In order to improve the catalytic performance of ZSM-5 molecular sieves, a series of modification methods for ZSM-5 molecular sieves have been developed by the skilled artisan.
CN101259424B discloses a preparation method of a non-binder ZSM-5 zeolite catalyst for toluene shape-selective disproportionation, which is mainly prepared by a series of modification methods of shaping, template-free hydrothermal crystallization, acid pickling dealumination silicon-supplementing silicate chemical liquid deposition treatment and the like by taking ZSM-5 zeolite as a main active component. However, in the method, a large amount of non-framework aluminum is generated in the dealumination and silicon supplementing process to block the pore channels, and the subsequent liquid phase deposition treatment is added to further block the pore channels, so that the diffusion of reactants and products is affected.

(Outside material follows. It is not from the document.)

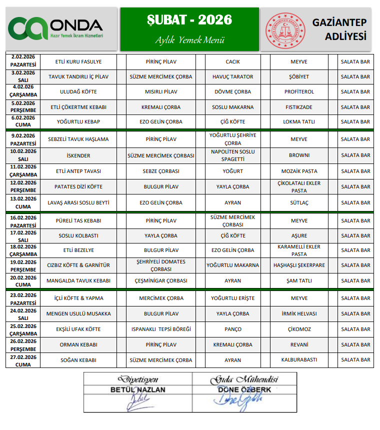 Yemek Menüsü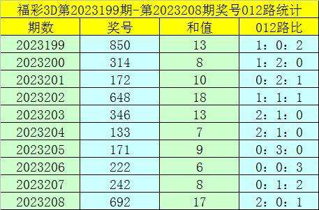 福彩3D第2023209期012路分析

CN101380591a discloses a preparation method of an alkali-treated modified ZSM-5 zeolite toluene disproportionation catalyst, which is to remove part of silicon on a framework by alkali, so that part of the framework is partially collapsed to generate part of mesopores. Then washing with organic acid, drying the catalyst, then carrying out chemical liquid phase deposition modification by using cyclohexane solution of tetraethoxysilane, drying and roasting to obtain the catalyst, wherein the obtained catalyst is particularly suitable for preparing benzene and paraxylene by toluene shape-selective disproportionation, and can obviously enhance toluene conversion rate.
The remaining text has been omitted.